One week later, a grand jury in the Southern District of New York returned a superseding indictment charging Saddam Mohamed Raishani, 30, with three charges under the material support laws. He was charged with conspiring to provide, providing and attempting to provide, and aiding and abetting the provision and attempted provision of material support to IS by allegedly facilitating another IS supporter’s travel to join IS overseas. I wrote about Raishani this summer when the FBI arrested him at JFK airport on his way to Syria to join IS. At that point, Raishani was charged with attempting to provide material support—in the form of himself, as “personnel”—to IS. According to the Justice Department’s press release, the new charges involve Raishani’s alleged facilitation of another individual’s travel to join IS in 2015.

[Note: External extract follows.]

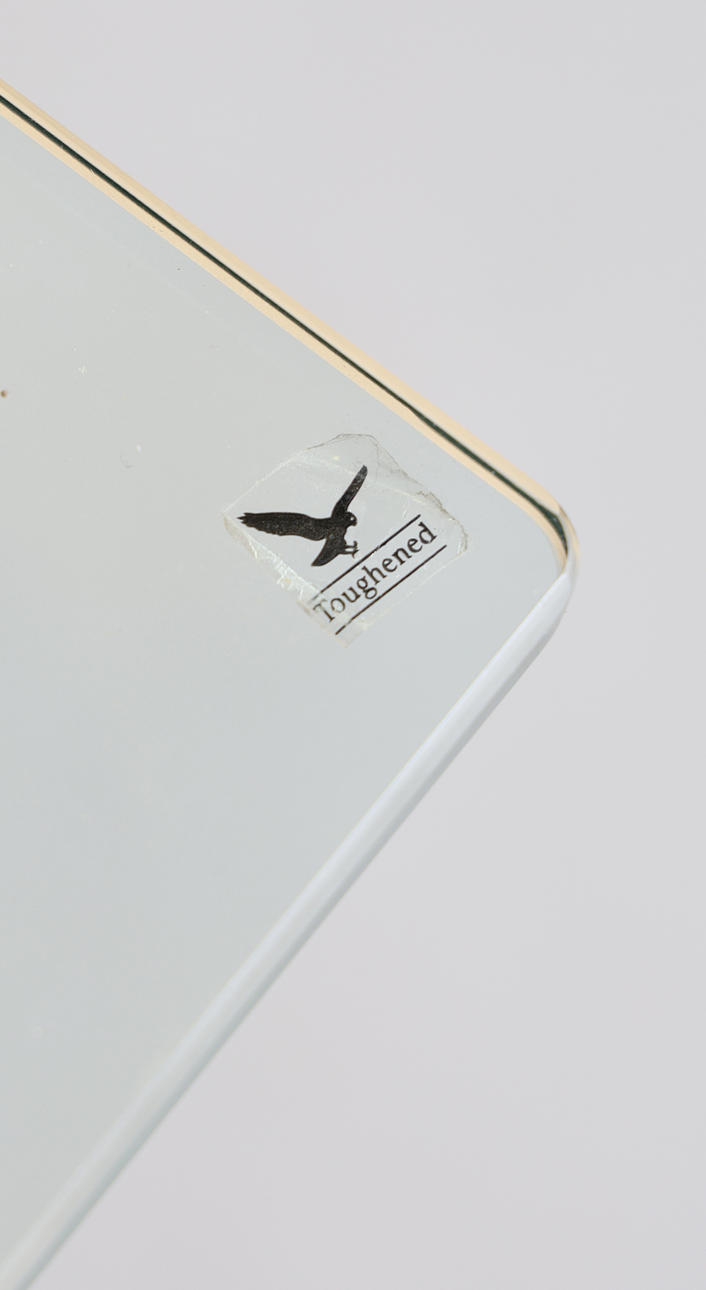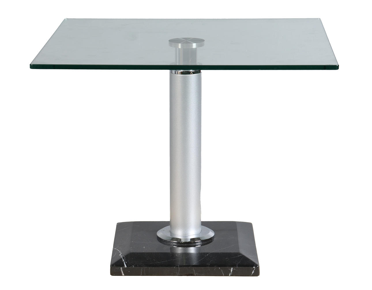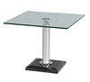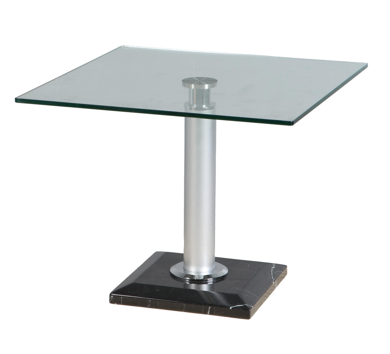The circa 1970's/ 80's side table by Artedi, the glass top above a black marble and chromed cylindrical base, 48cm height, top measures 60.5cm x 60.5cm.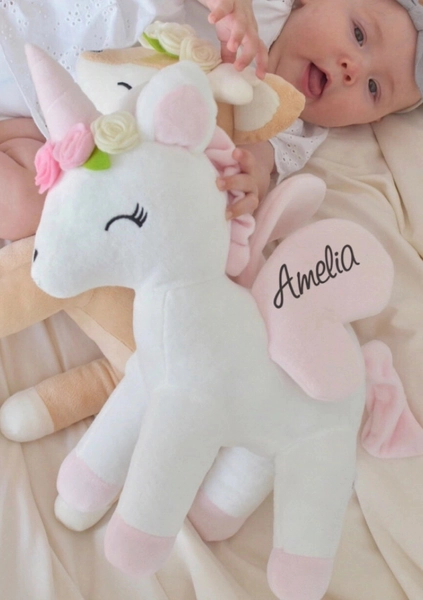 Pluszowy Jednorożec z wianuszkiem rozmiar M- Biały

Also in the Southern District of New York, Maalik Alim Jones, 32, pleaded guilty to conspiring to provide material support to al-Shabab, conspiring to receive military training from al Shabaab, and carrying and using an AK-47 machine gun, rocket-propelled grenades and other weapons in furtherance of his support for al Shabaab. According to the Justice Department’s press release, Jones left New York in 2011 and travelled to Somalia, where he fought for al-Shabab for four years. He joined Jaysh Ayman, al-Shabab’s specialized fighting force, and was injured by a missile in a battle against Kenyan government soldiers. After being released from the hospital, Jones returned to his unit and participated in a raid on a Kenyan military camp. According to Reuters, Jones allegedly surrendered to Somali authorities in early December 2015 about 135 miles southwest of Mogadishu. Several weeks later, Jones was presented before a magistrate judge in the Southern District of New York, pursuant to a criminal complaint.
Looking to next month, the trial of Abu Khatallah—the alleged leader of the 2012 Benghazi attack—is scheduled to begin on October 2nd in federal district court in the District of Columbia. Last week, Judge Christopher Cooper granted the defense’s unopposed motion to postpone the trial for one week due to outstanding discovery requests, remaining issues regarding classified evidence, and pending motions. I previously wrote about Judge Cooper’s opinion denying Abu Khatallah’s Motion to Suppress statements he made to FBI agents while in custody and earlier this month Sarah Grant covered the court’s opinion granting in part and denying in part the Government’s pretrial motion to admit “other acts” evidence.